Kind of backfired. After several dozen people burned to death in what should have been unremarkable rear-end collisions, it was revealed that Ford had deliberately declined to implement redesigns for safety in favor of just handling the claims because they estimated the costs would be lower (to pay claims vs implement redesign). The subsequent cases set several precedents & provoked reforms.

https://en.wikipedia.org/wiki/Ford_Pinto


Similarities between the two end up at "businesses write stuff off as costs of doing business instead of dealing with them up front". One can't just transfer moral judgment from one to the other.


I made no claim that there was any more link than dealing with it as a cost-benefit calculation instead of properly sorting the problem up front.

I was not implying any moral judgement transfer, only the similarity of bad results of failing to deal with issues up front.


Too bad the videos were staged. While not a great design, it was not the disaster you proport. 2 tv shows were found to have faked fires. Fake news is not new.


You are thinking of a different incident with their Trucks in the 2000s, not the Pinto issue from the 1970s/80s.

Failure to get accurate information before spouting off is apparently also not new.

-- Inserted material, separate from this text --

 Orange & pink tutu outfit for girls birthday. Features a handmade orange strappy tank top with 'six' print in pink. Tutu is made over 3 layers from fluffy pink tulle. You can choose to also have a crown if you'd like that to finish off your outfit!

I am not taking sides, because today's Ford Co is not saddled with Henry Ford's controversies, and both MIT and Ford are large organizations. I don't know who is right, a jury might decide.

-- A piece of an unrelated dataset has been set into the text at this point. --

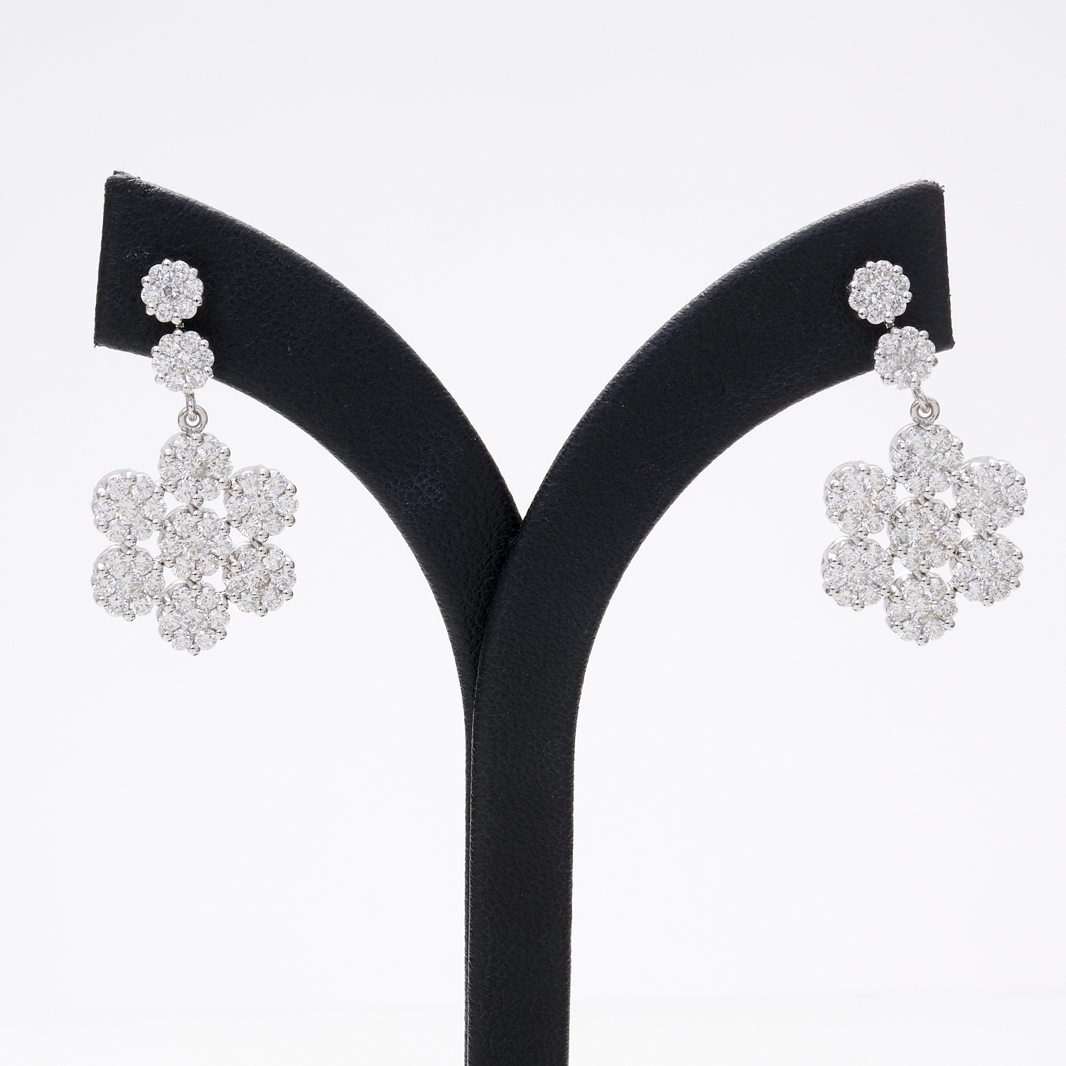 A PAIR OF DIAMOND EARRINGS IN 14CT WHITE GOLD, THE DIAMONDS TOTALLING 4.09CT, TO POST AND BUTTERFLY FITTINGS

There is an interesting movie, "Flash of Genius," about Robert Kearns, an inventor and his interactions with Ford over the "delayed windshield wiper."

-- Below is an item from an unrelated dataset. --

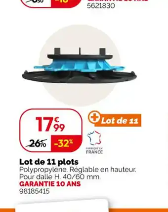 En plus de l'offre Lot de 11 plots, Weldom propose une large gamme de produits. Consultez le Catalogue Weldom hebdomadaire pour découvrir les meilleures offres et promotions. En plus de Lot de 11 plots, il y a aussi : Lot de 11 plots, Lot de 11 plots & 13 plots.

I won't reveal any details over the movie plot but there is a short scene where Kearns is lecturing his engineering students about engineering ethics, which reminds me of a documentary by PBS: "NOVA: Holocaust on Trial" (2000)

I cannot find this last movie anywhere, but <youtube> has it available. Should be mandatory viewing for engineers, but it is difficult to watch or listen to the details.


The delayed windshield wiper case is not cut and dry (no pun intended). With solid-state electronics (SSE), a delay circuit using capacitors is relatively easy to create. Patents are supposed to be "non-obvious". SSE's were relatively new in the early 60's, but once people got practical experience with them, a delay circuit is obvious to practitioner in that line of work, which in theory should make it non-patentable.

It's kind of like "doing X on the Web" patents where X itself is common and/or unpatentable. Adding web-ness shouldn't change the patentability of X, but for some odd reason it has. When new parts and tools come along, they make the mundane possibly seem innovative for a while until people or judges understand that the new tools are not magic.

The web-based-auction patents are an example. They simply automated manual auctions; any programmer/analyst with industry experience can do that. Running it in a browser didn't make it special, but that apparently bedazzled patent reviewers. (Copyrights can cover look and feel, but I'm talking about functionality.)

The patent office simply does not take seriously, "must be non-obvious to persons having ordinary skill in the art". If 90% of experienced programmer/analysts can code up a web auction system, it's not obvious.


MIT patented a method and device to make the most useless interior electronics package and noisy experience for passengers?


Just another patent troll, MIT isnt immune or righteous - look what they did to Aaron Schwartz.

The patent in question describes a two tank system with separate gasoline and ethanol. Afaik, Ford is not doing anything like that.